## What is required
Word for word and without images, reproduce the listing that follows.

## Data
+ + + + +
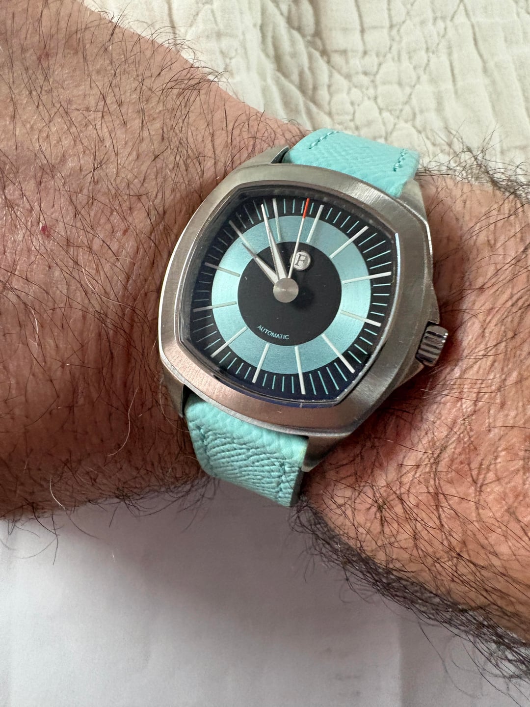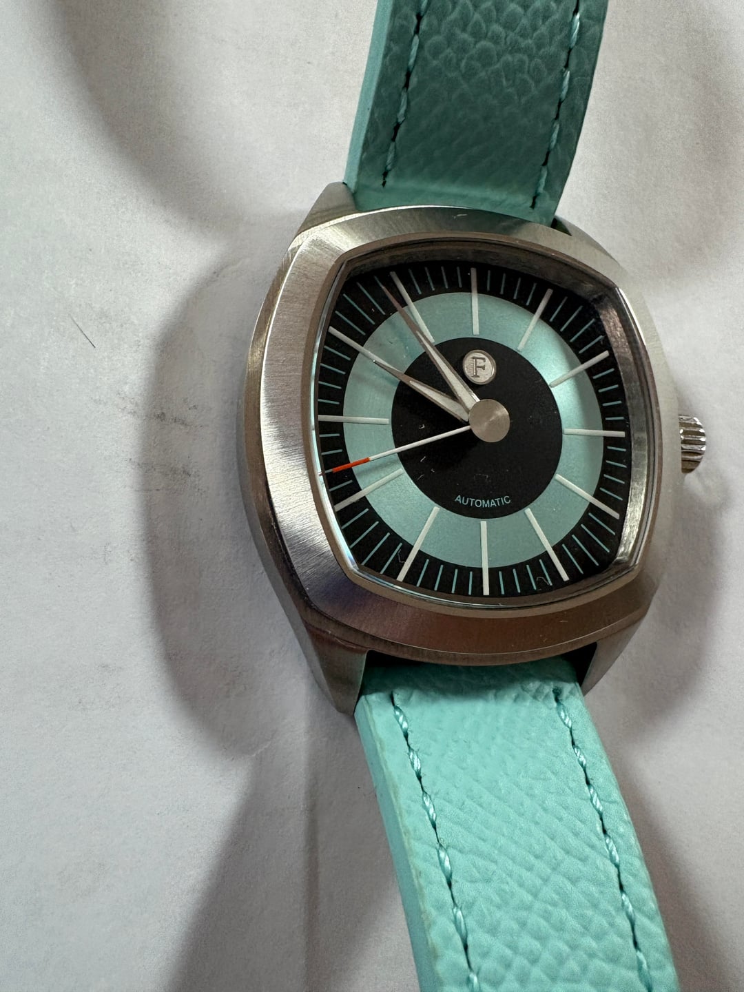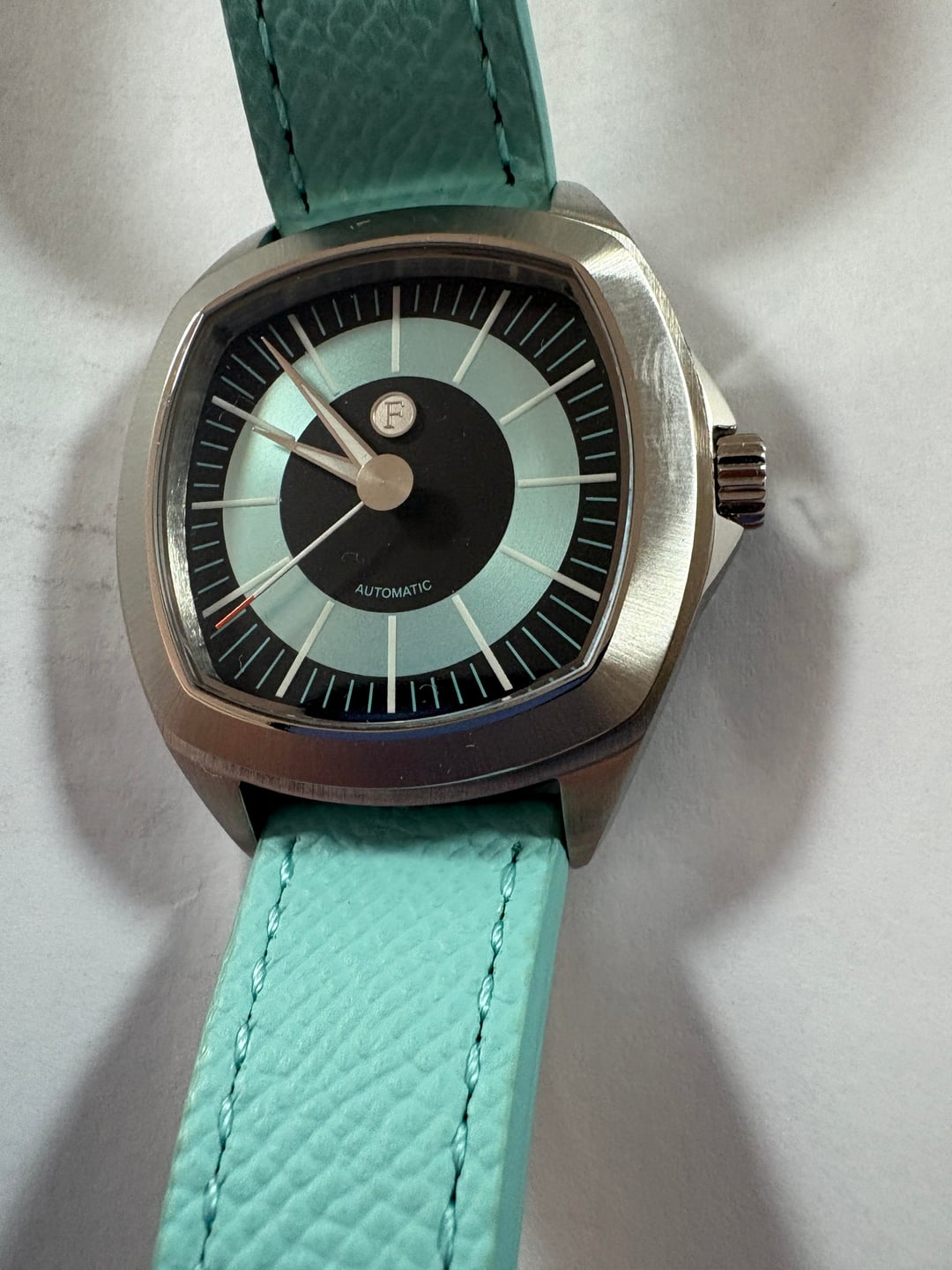 I am continuing posting really great and unusual watches with this Ferro & Company Watch Time Master 70's watch. This is a brushed stainless steel TV shape watch, in the long sold out blue dial Wonderful groovy 70's style stick indices adorn the dial. The sweep hand tip is orange, the lume is great and the bracelet has those 70's vibes as well. However, the bracelet was not worn with this watch, so it remains new. I wore this watch a few times around the house on this Tiffany Blue Strapsco strap that really compliments the watch a lot. It is also included in the sale. This is a full kit, with full factory warranty. Doubtful you'd need it with the uber reliable Miyota 9039 movement. 39mm case diameter, 47mm lug to lug, 11mm height. Sapphire crystal with AR coating. Screw down crown helps insure the 100m water resistance. Retail of $685.00 plus tariff's when available. Get this as new model for substantially less. Best reasonable cash offers considered. No trades please. Thanks for looking. Please se my other watches for sale.
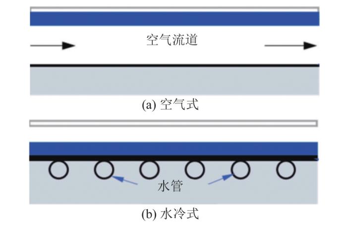 ... 基于空气或液体冷却的典型PV/T模块[15]如图3所示,在空气冷却式PV/T模块中,气流通道介于吸热板和PV面板之间,夹层中的空气通过自然对流或风扇等产生强制流动来冷却光伏板;在基于液体冷却的PV/T模块中,吸热板通常被粘在PV面板背面,同时在吸热板的背面焊接管道以吸收和传输热量. ...
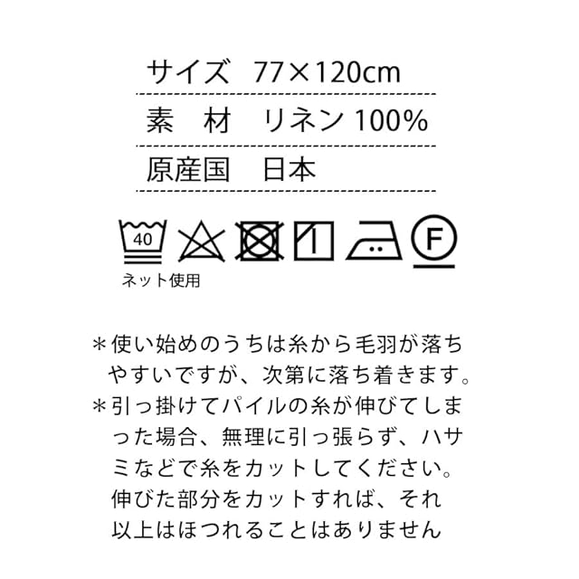 【サイズ】77x120cm【素材】リネン100%【原産国】日本【お手入れ方法】手洗いか、もしくはネットに入れて洗濯機の弱水流でお洗濯できます。脱水は短めにしてください。【その他】使い始めのうちは糸から毛羽が落ちやすいですが、次第に落ち着きます。引っ掛けてパイルの糸が伸びてしまった場合、無理に引っ張らず、ハサミなどで糸をカットしてください。
+ + + + +
## Response for this exercise
 I am continuing posting really great and unusual watches with this Ferro & Company Watch Time Master 70's watch. This is a brushed stainless steel TV shape watch, in the long sold out blue dial Wonderful groovy 70's style stick indices adorn the dial. The sweep hand tip is orange, the lume is great and the bracelet has those 70's vibes as well. However, the bracelet was not worn with this watch, so it remains new. I wore this watch a few times around the house on this Tiffany Blue Strapsco strap that really compliments the watch a lot. It is also included in the sale. This is a full kit, with full factory warranty. Doubtful you'd need it with the uber reliable Miyota 9039 movement. 39mm case diameter, 47mm lug to lug, 11mm height. Sapphire crystal with AR coating. Screw down crown helps insure the 100m water resistance. Retail of $685.00 plus tariff's when available. Get this as new model for substantially less. Best reasonable cash offers considered. No trades please. Thanks for looking. Please se my other watches for sale.
 ... 基于空气或液体冷却的典型PV/T模块[15]如图3所示,在空气冷却式PV/T模块中,气流通道介于吸热板和PV面板之间,夹层中的空气通过自然对流或风扇等产生强制流动来冷却光伏板;在基于液体冷却的PV/T模块中,吸热板通常被粘在PV面板背面,同时在吸热板的背面焊接管道以吸收和传输热量. ...
 【サイズ】77x120cm【素材】リネン100%【原産国】日本【お手入れ方法】手洗いか、もしくはネットに入れて洗濯機の弱水流でお洗濯できます。脱水は短めにしてください。【その他】使い始めのうちは糸から毛羽が落ちやすいですが、次第に落ち着きます。引っ掛けてパイルの糸が伸びてしまった場合、無理に引っ張らず、ハサミなどで糸をカットしてください。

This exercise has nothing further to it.